Streaming
LangGraph4j is built with first class support for streaming. it uses java-async-generator library to help with this. Below there are the different ways to stream back outputs from a graph run
Streaming graph outputs (.stream())
.stream()
is an method for streaming back outputs from a graph run. It returns an AsyncGenerator on which you must iterate to fetch the sequence of performed steps as instance of a [NodeOutput] class that bascally report the executed node name and the resulted state.
Streaming of Streaming (embed and composition)
AsyncGenerator supports embed (i.e. is composable), it can pause main iteration to perform a nested AsyncGenerator after that it resume main iteration.

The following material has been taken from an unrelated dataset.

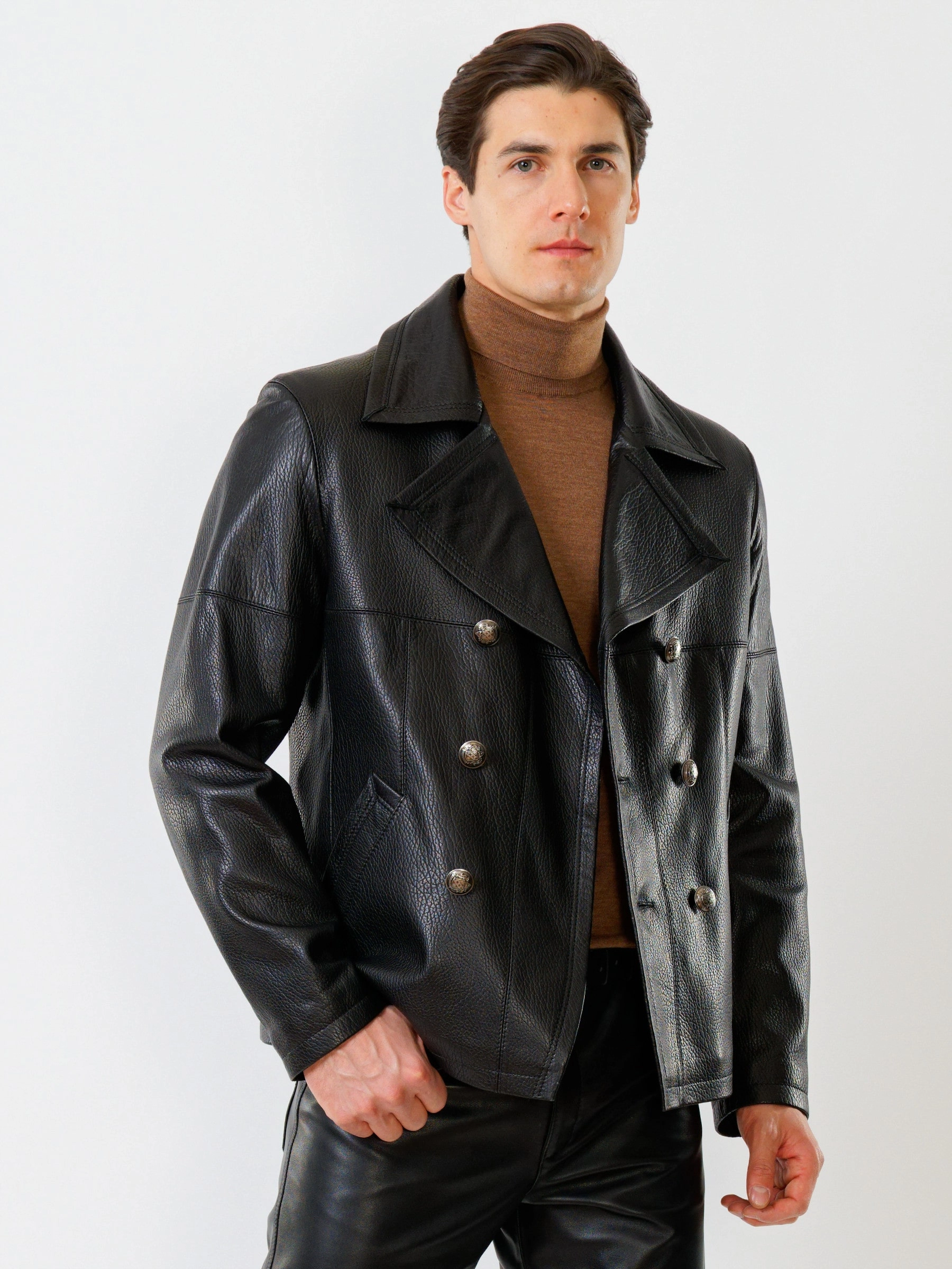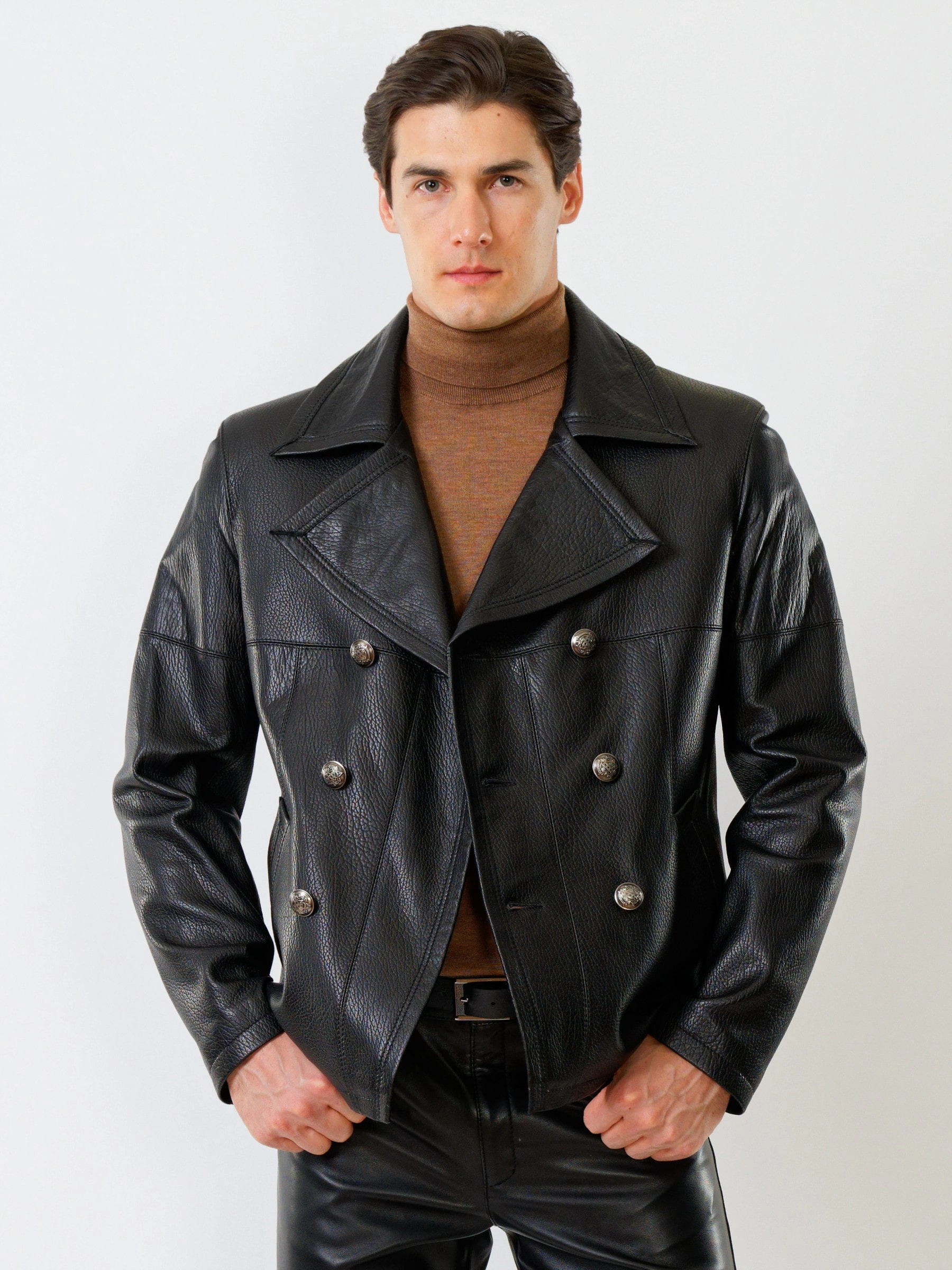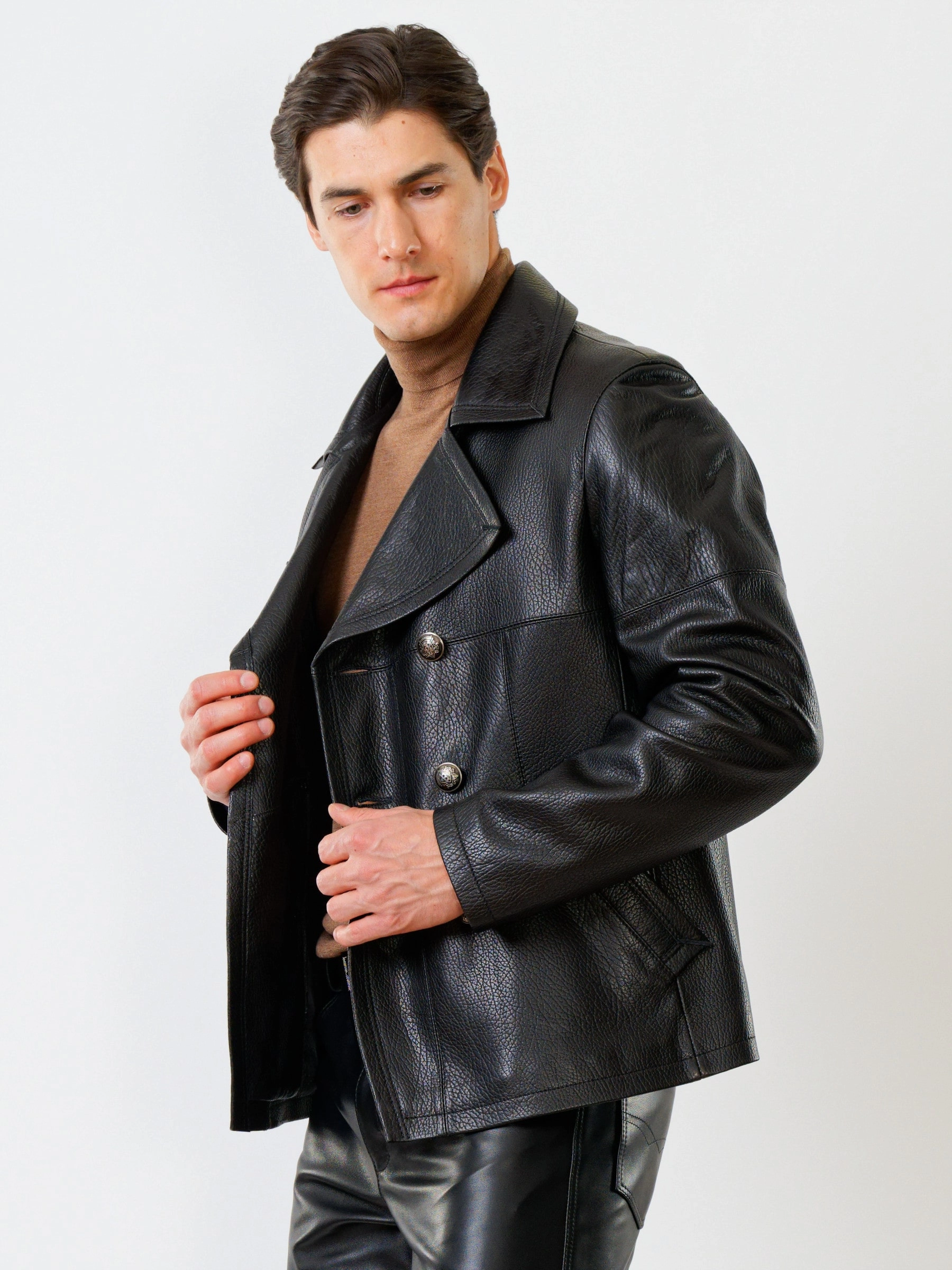 Двубортная мужская кожаная куртка Клуб, черная, размер 48, артикул 28781

Relies on this feature we can return from Node action an AsyncGenerator that will be embed in main one of the graph, which result will be fetched from the same iterator given from .stream()
making sub-streaming a seamlessy experience.
Streaming LLM tokens (using Langchain4j)
So to achieve streaming LLM tokens from an AI call using Langchain4j we use StreamingChatLanguageModel, below an example:
StreamingChatLanguageModel model = OpenAiStreamingChatModel.builder()
.apiKey(System.getenv("OPENAI_API_KEY"))
.modelName(GPT_4_O_MINI)
.build();
model.generate("Tell me a joke";, new StreamingResponseHandler<AiMessage>() {
public void onNext(String token) { ... }
public void onComplete(Response<T> response) { ... }
public void onError(Throwable error) { ... }
} );
LLMStreamingGenerator
Langgraph4j provides an utility class LLMStreamingGenerator that convert the StreamingResponseHandler in an AsyncGenerator. Below a code snippet, a working example is in the notebook llm-streaming)
var generator = LLMStreamingGenerator.builder()
.mapResult( r -> Map.of( "content", r.content() ) )
.build();
StreamingChatLanguageModel model = OpenAiStreamingChatModel.builder()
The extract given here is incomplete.